WORK ORDER
Return verbatim the lines that run from the one holding "Each one of" to the end of the listing, both ends included, without the pictures.

── DATA PROVIDED

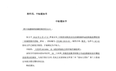 热烈祝贺我公司中的中铁十八局商合杭站前四标段铁路锚具
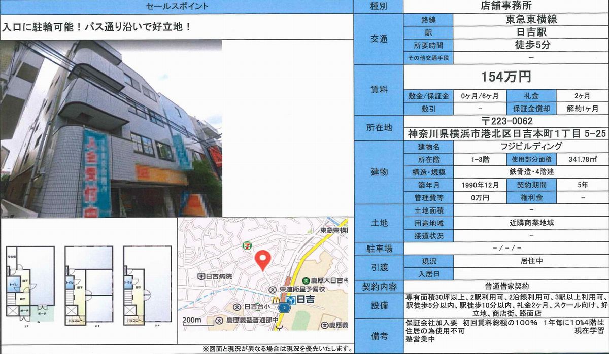横浜市港北区日吉本町1-5-25 フジビルディング 1-3F部分 詳細データ
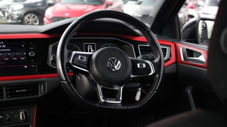.The Volkswagen Polo GTI brings proper hot-hatch attitude into a compact, everyday-friendly package. With its 2.0 TSI engine and DSG gearbox, it delivers the performance punch youd expect from the GTI badge-quick off the line, sharp through corners and effortlessly smooth in traffic. Driving Mode Selection lets you tailor the experience, from calm and economical to full-fat Sport, while the XDS electronic diff lock keeps everything tight and controlled on twisty roads. Visually, it wears its heritage proudly. The black honeycomb grille with chrome surround, GTI badging, gloss-black rear spoiler, twin chrome exhausts and lowered sports suspension make it look every bit the junior Golf GTI. Red brake calipers, darkened LED rear lights and flared sill strips complete the athletic stance. Inside, the Polo GTI mixes iconic touches with modern tech. The flat-bottom multifunction steering wheel with red stitching, aluminium pedals, black roof lining and ambient lighting give it that sporty cockpit feel. Theres space and practicality too: 60/40 split-folding rear seats, plenty of clever storage and three proper rear headrests. The cabin tech is exactly what youd expect from VW: App-Connect, digital display, multifunction computer, illuminated vanity mirrors, LED interior lighting and Volkswagen Connect. Paddle shifters behind the wheel let you take control when the roads get fun. Safety has been taken seriously as well-front, side and curtain airbags, ESP, post-collision braking, Hill Hold, TPMS and an alarm system with interior protection all come as standard. A brilliant blend of performance, style and everyday usability-the Polo GTI is a small car that delivers big smiles every time you press the start button..App-Connect, Digital clock, Driver alert system, Driving Mode Selection with four preset modes - Eco, normal, sport or individual modes, Multifunction computer plus, Power assisted speed sensitive steering, Speedo and rev counter, electronic odometer, trip, service interval display and fuel gauge, Start/stop system, Volkswagen connect, Warning buzzer and light for front seatbelts unfastened, Battery regeneration during braking, Galvanished body, Lowered sports suspension, XDS electronic differential lock, Black grille with chrome surround, Body colour door handles, Body coloured side sills, Electric front windows, Extended sill strips flared in black, Front fog lights including static cornering, Front windscreen washers and wipers with 4 speed
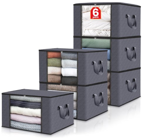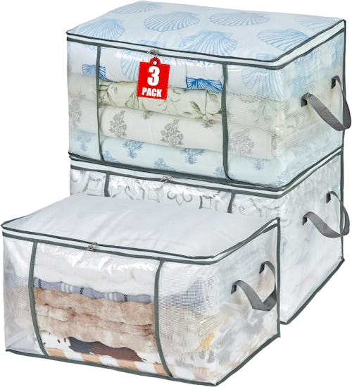 Each one of these foldable storage bags can hold up to two king-size comforters, making them a spacious option for linens and clothes. They're made from non-woven fabric and boast sturdy side handles and double zippers for a secure closure.
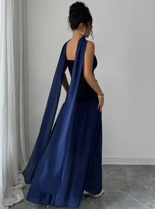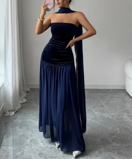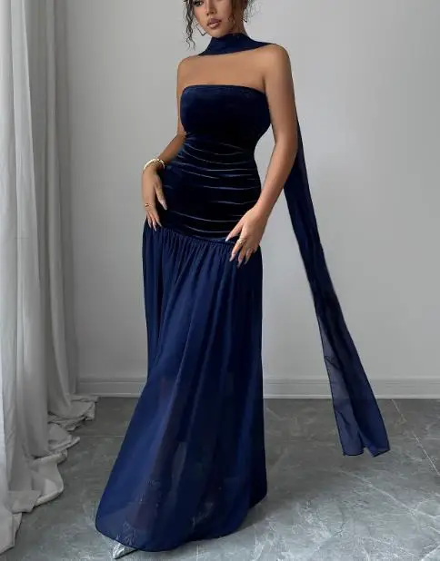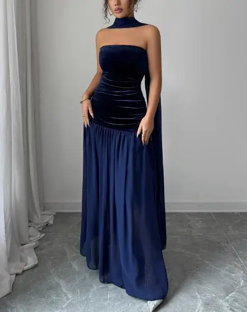 Womens Dresses Spring Summer New Elegant Temperament Solid Color Strapless Patchwork Sleeveless Casual Long Dress
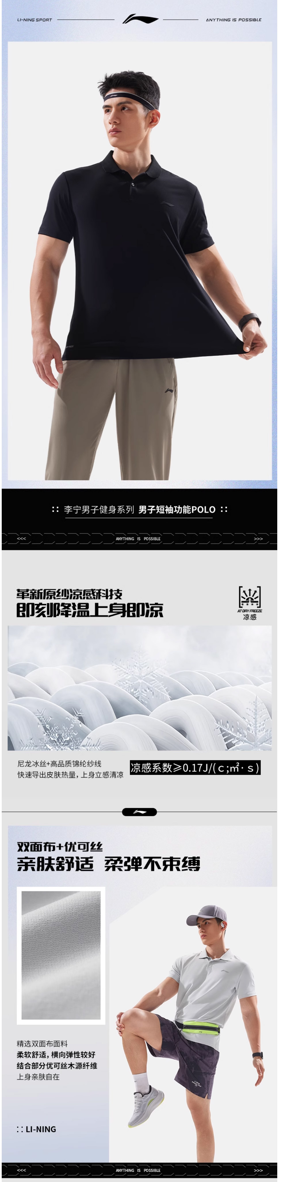 李宁男士夏季短袖POLO衫新款冰感T恤运动服APLV037
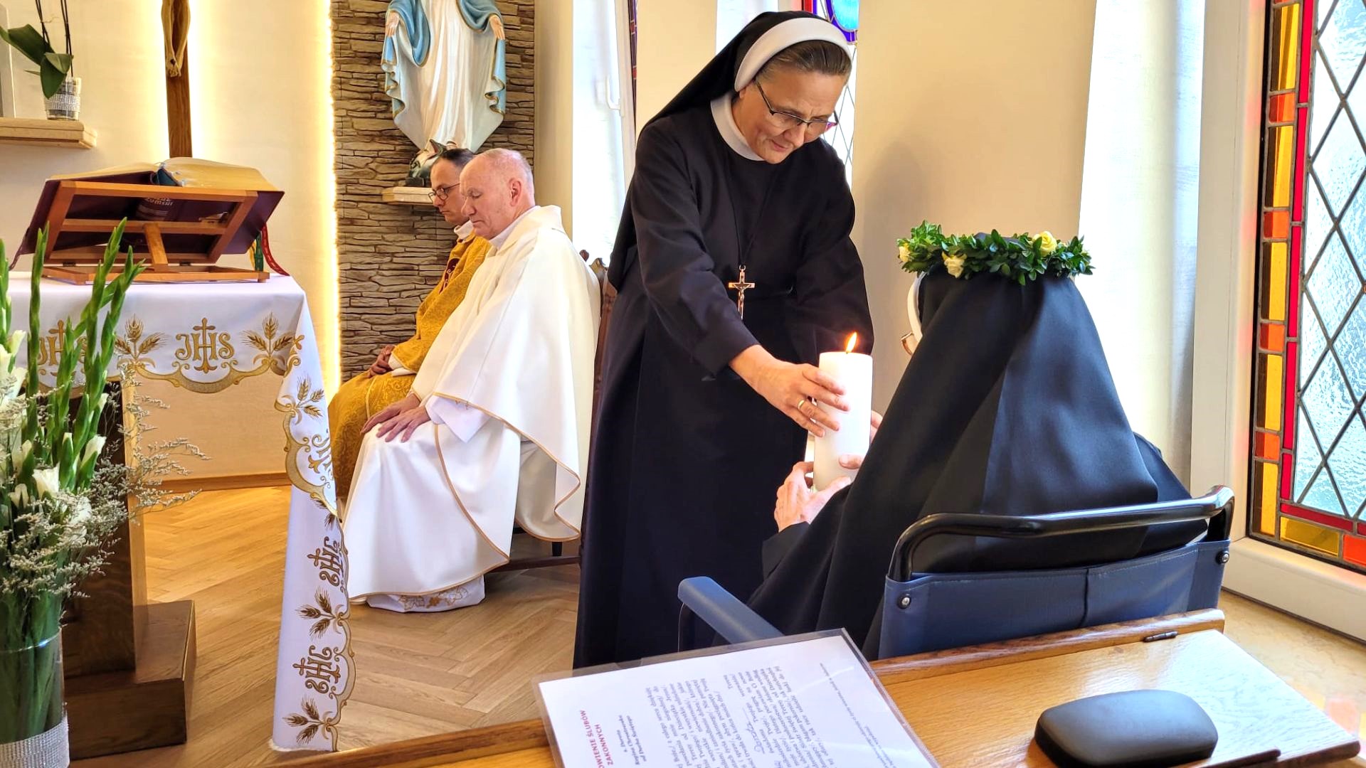 Msza Św. została odprawiona o godzinie 12-tej w naszej zakonnej kaplicy. Eucharystię celebrował ks. Sebastian Margiewicz, kazanie wygłosił ks. proboszcz Tadeusz Rynkiewicz. W homilii ksiądz proboszcz podkreślił wartość życia miłością w życiu zakonnym. Nawiązał do Księgi Ozeasza w której Bóg zaprasza nas do bliskiej relacji ze Sobą.
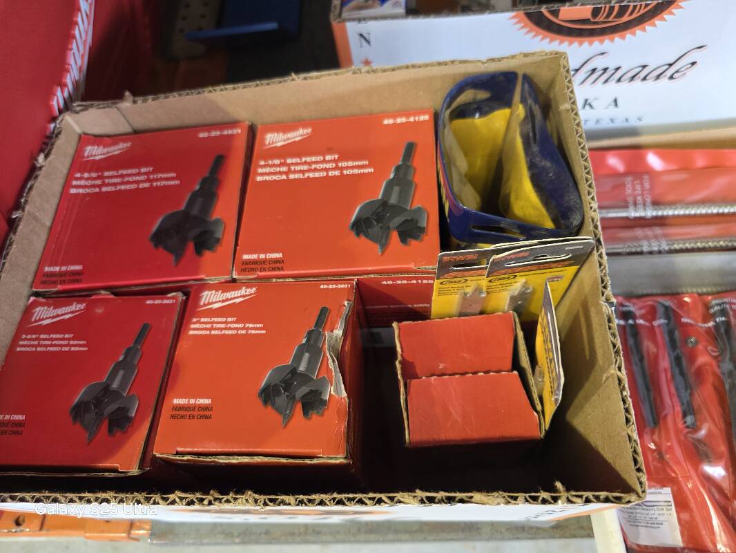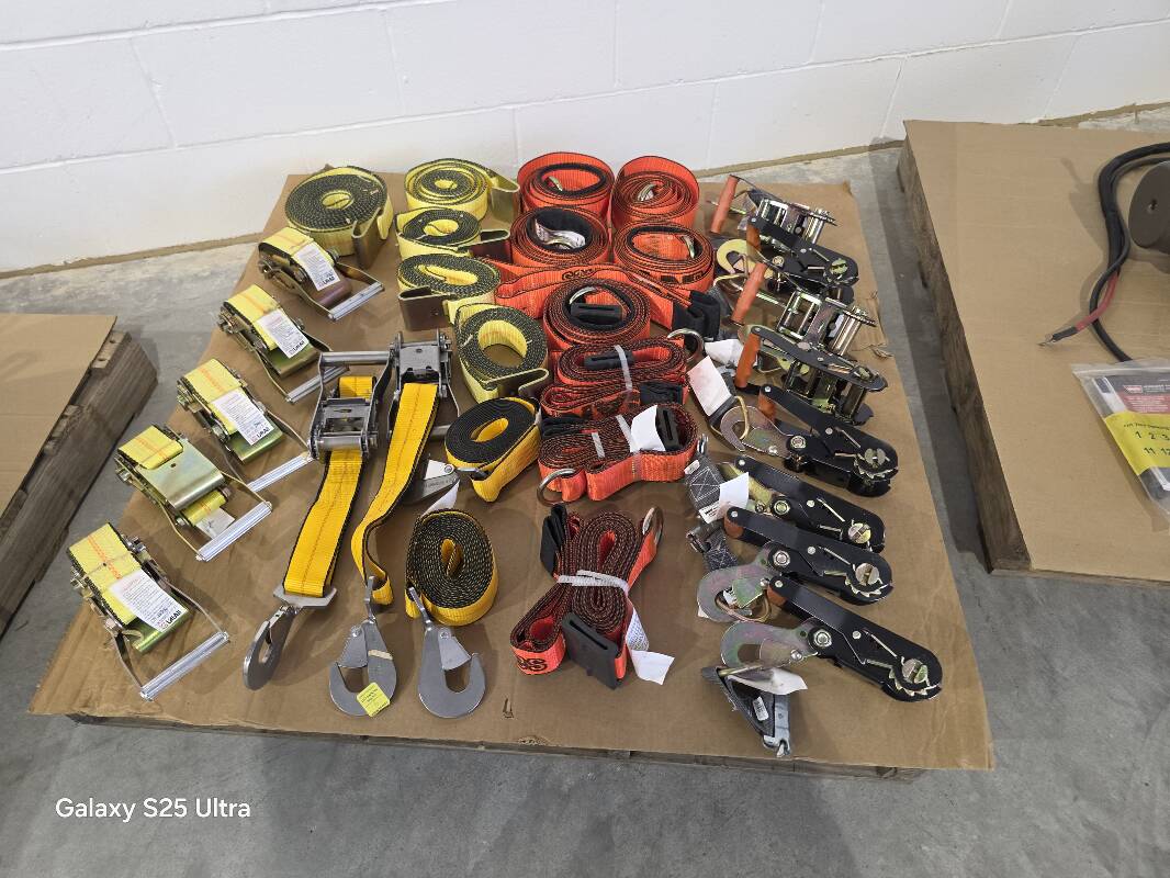 Ratchet Straps, Cut Off Saw, Buffers, Sanders, Power Washers, Various Types of Heaters, Commercial Garage Door Opener 1/2 HP, 115V, Hitches (Inserts, Extension Balls and Tubes, Shanks, Various Screws, Compartmented Boxes with Latches and Lids, Cases,

────

RESPONSE BELOW
 Each one of these foldable storage bags can hold up to two king-size comforters, making them a spacious option for linens and clothes. They're made from non-woven fabric and boast sturdy side handles and double zippers for a secure closure.
 Womens Dresses Spring Summer New Elegant Temperament Solid Color Strapless Patchwork Sleeveless Casual Long Dress
 李宁男士夏季短袖POLO衫新款冰感T恤运动服APLV037
 Msza Św. została odprawiona o godzinie 12-tej w naszej zakonnej kaplicy. Eucharystię celebrował ks. Sebastian Margiewicz, kazanie wygłosił ks. proboszcz Tadeusz Rynkiewicz. W homilii ksiądz proboszcz podkreślił wartość życia miłością w życiu zakonnym. Nawiązał do Księgi Ozeasza w której Bóg zaprasza nas do bliskiej relacji ze Sobą.
 Ratchet Straps, Cut Off Saw, Buffers, Sanders, Power Washers, Various Types of Heaters, Commercial Garage Door Opener 1/2 HP, 115V, Hitches (Inserts, Extension Balls and Tubes, Shanks, Various Screws, Compartmented Boxes with Latches and Lids, Cases,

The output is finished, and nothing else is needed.